Never before had so many voters sent to the highest office at the same time leaders who so strongly defended the rights of their people against the moneyed interests of the United States. Never before had there been such unanimity. Never before such a show of support for the poorest of the poor—both urban and rural. Or for indigenous populations. Never had colonized countries delivered such a powerful and unanimous message to their colonizer. It had not happened in the western hemisphere. Not in Africa or Asia. Although the Middle East also resisted the grip of empire, the struggles there took a terrible toll on the region's own people. The Latin American revolution, on the other hand, was not just aimed at expelling foreign exploiters; it was a positive movement toward greater equality, freedom, and social reform. For the most part, it was peaceful. Its impact reached around the planet and was setting an example; it accomplished concrete goals and inspired people on every continent.
The newly elected presidents also began something completely unprecedented in the history of the hemisphere. They agreed to defend each other. United not by a single leader (as in the time of Bolivar) but through mutual consent, they expanded their stance against the IMF, the World Bank, and the U.S. government to include self-defense. Countries like Brazil, Argentina, Chile, Peru, and Venezuela led efforts to switch their military objectives from protecting multinational corporations to defending their countries against foreign intervention. And they began to seriously discuss the possibility of extensive military cooperation.
In addition to strengthening the bonds with one another, Latin American countries began aggressively developing relationships with India, China, and other nations that share a distrust of U.S. empire building. In a highly significant November 2005 trip to the continent, China's President Hu Jintao visited Argentina, Brazil, Chile, and Cuba, and conducted bilateral meetings with Mexico's President Vicente Fox and Peru's President Alejandro Toledo. Chinese businesses have quietly beaten out U.S. corporations in a number of areas that previously were considered U.S. turf.
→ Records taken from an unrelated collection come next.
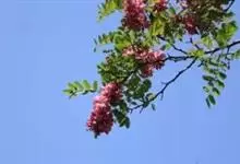 红花刺槐是豆科刺槐属的植物。其干皮深纵裂;枝具托叶刺,羽状复叶互生,叶片卵形或长圆形,具芒尖;基部圆形。花两性;总花序下垂;花冠粉红色,芳香;果条状长圆形,腹缝有窄翅。花期4~5月,果期9~10月。…全部>>
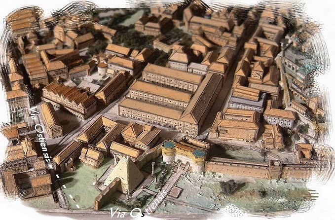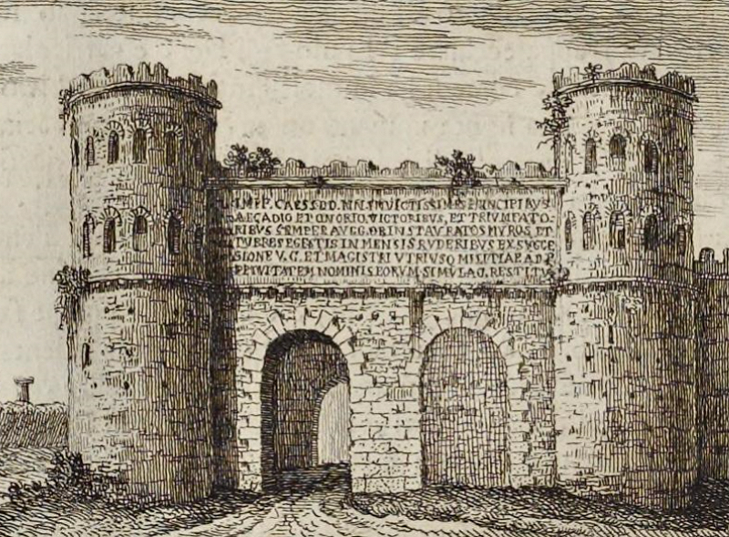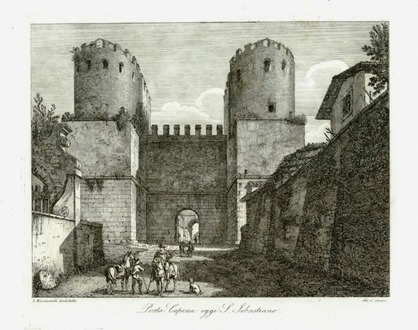 오스티엔시스 가도에 있는 포르타 오스티엔시스. 아벤티노를 향해 가려면 이 문을 통과해야 했다. 두 개의 반원형 탑이 나란히 있는 두 개의 통로로 이루어져 있었다. 왼쪽에는 피라미드 형태의 C. 케스티우스 무덤이 보인다. 포르타 오스티엔시스는 포르타 산 파올로가 되었고 오늘날에도 여전히 존재한다.
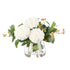 Rogue’s Chrysanthemum Berry arrangement in the Classic Bowl blends soft white blooms with sprigs of green berries and glossy foliage. Set in a gently curved vase with clear faux water, this statement piece brings freshness and elegance to dining tables or entryways.

A Chinese company effectively controls the "anchor ports" at both ends of the Panama Canal. China and Brazil launched their Earth Resources Satellite program in 1998. While Washington's attempts to create trade pacts that favor U.S. corporations have met with repeated resistance from Latin leaders, less onerous
overtures by the Chinese have been embraced. This may seem contradictory given China's potential as an emerging empire; however, Latins understand that China, unlike the United States, does not have a history of meddling in their affairs. Similar to the U.S.S.R. in the sixties, seventies, and eighties, China today is seen as a place that offers balance, a protector against U.S. aggression.
That Latin emissaries are fanning out across the world reflects a determination to increase commercial relationships; however, it is also part of the anti-corporatocracy movement and a clear indication that our southern neighbors are determined to oppose U.S. hegemony. Latin fears of U.S. intervention are justified by covert activities, as well as by Washington's pronounced policies. This became clear to me when I was approached by several jackals who wanted to "come in from the cold" and confess their recent sins.